# use this to get the count cached
def get_tbbooks_count(exp=3600):
      cache.ram('tbbooks',lambda: db(db.tbbooks.id == 1).count(),exp)


# use this to create new tbbooks and update count
def increment_tbbooks_count(form=None):
      cache.ram.increment('tbbooks')
form = crud.create(db.tbbooks,onaccept =increment_tbbooks_count)
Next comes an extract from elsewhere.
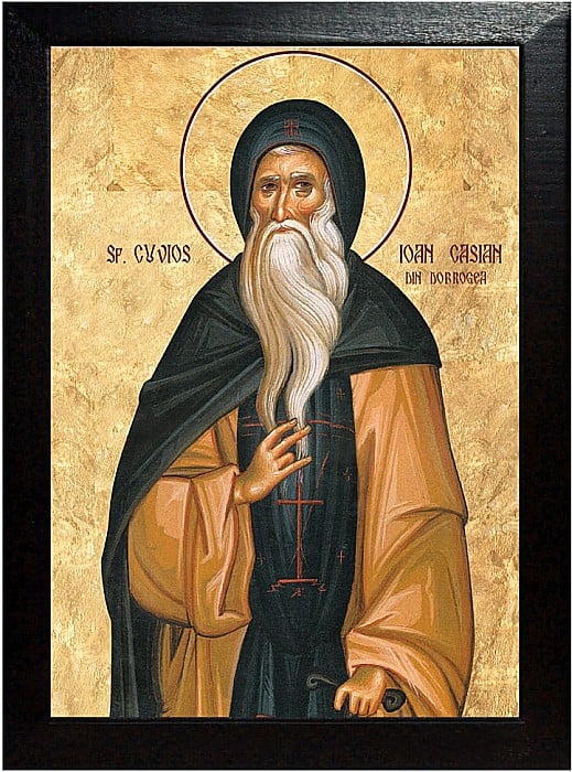 Acest Cuvios Părinte de neam străromân s-a născut prin anii 365 de la venirea mântuirii prin Hristos-Domnul, în Dobrogea, numită pe atunci Sciţia Mică, la un loc ce-i păstrează din vechime până azi numele "podişul Casian" şi "peştera lui Casian". Localitatea Casimcea din judeţul Tulcea îi poartă, de asemenea, numele. Provenind dintr-o familie distinsă, a urmat la şcolile timpului. Dar însufleţit de o arzătoare sete de desăvârşire duhovnicească renunţă de tânăr la atracţiile deşarte şi înşelătoare ale vieţii lumeşti şi pleacă la Locurile Sfinte însoţit de prietenul său Gherman, frate nu prin naştere, ci în duh. Aşa au ajuns amândoi călugări într-o mănăstire din Betleem. Întemeindu-se după cuviinţă în rânduielile vieţii chinoviale, adică de obşte, după modelul de viaţă al călugărilor din Palestina, Mesopotamia şi Capadocia şi simţind în ei dorul de o mai mare desăvârşire, au hotărât să plece în sihăstriile Egiptului, la anahoreţii despre a căror îmbunătăţită viaţă duhovnicească auziseră. Aşa au ajuns la comunităţile din delta Nilului, adâncindu-se de acolo tot mai mult în pustie. Dar pretutindeni pe unde treceau, căutau cu râvnă pe sfinţii însinguraţi, ca să cinstească în ei strălucirea harului şi bogăţia roadelor lor şi pentru a le cere sfaturi duhovniceşti pentru mântuirea sufletului. Aceste întrebări şi răspunsuri ne vor fi lăsate ca o moştenire sfântă în cartea Convorbirilor, cu care Cuviosul Casian a înzestrat Biserica.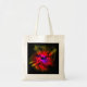 Um saco de tote com um fio abstrato colorido contra um fundo preto

# use this to edit tbbooks to if they get deleted, count if decresed
def decrement_tbbooks_count(form=None):
      cache.ram.increment('tbbooks',-1)
form = crud.update(db.tbbooks,record,ondelete =
decrement_tbbooks_count)


On May 27, 3:27 am, scausten <[email protected]> wrote:
> Great thanks! Any other ideas from anyone to speed this up further?
>
> On May 27, 3:25 am, Mr admin <[email protected]> wrote:
>
> > OK here's an example of counting matching records with web2py syntax.
>
> > SQL version
> >        select count(*) from tbbooks where id = 1 group by id;
>
> > Note!  if you don't add the GROUP BY clause,  you'll get a count
> > of 1 record... even if there a NO MATCHES.... probably NOT what you intended
> > to do.
> > The GROUP BY clause give you an "Empty Set" for non-matching search results
>
> > web2py version
> >      matches = db(db.tbbooks.id == 1).count()
>
> > On Wed, May 26, 2010 at 2:44 PM, scausten <[email protected]> wrote:
> > > I'm adding files content to my database with the following code being
> > > called onvalidation when the form is submitted. It really simply
> > > generates a 6-digit alphanumeric code as an identifier for the file:
>
> > > codes = db().select(db.products.code)   # Grabs all the existing codes
> > > from the database
> > > while not form.vars.code:
> > >    code = "".join([random.sample(string.ascii_lowercase
> > > +string.digits, 1)[0] for i in range(6)])  # Creates a code
> > >    if not code in codes:  # If its unique...
> > >        form.vars.code = code   # ...add it into the form vars
>
> > > It works fine at the moment, but I'm hoping to have several hundred
> > > thousand files potentially, and I'm worried that the database call to
> > > pull all existing codes will become a serious bottleneck. The code
> > > needs to be random and not sequential.
>
> > > Does anyone have any ideas on how I can do this more elegantly?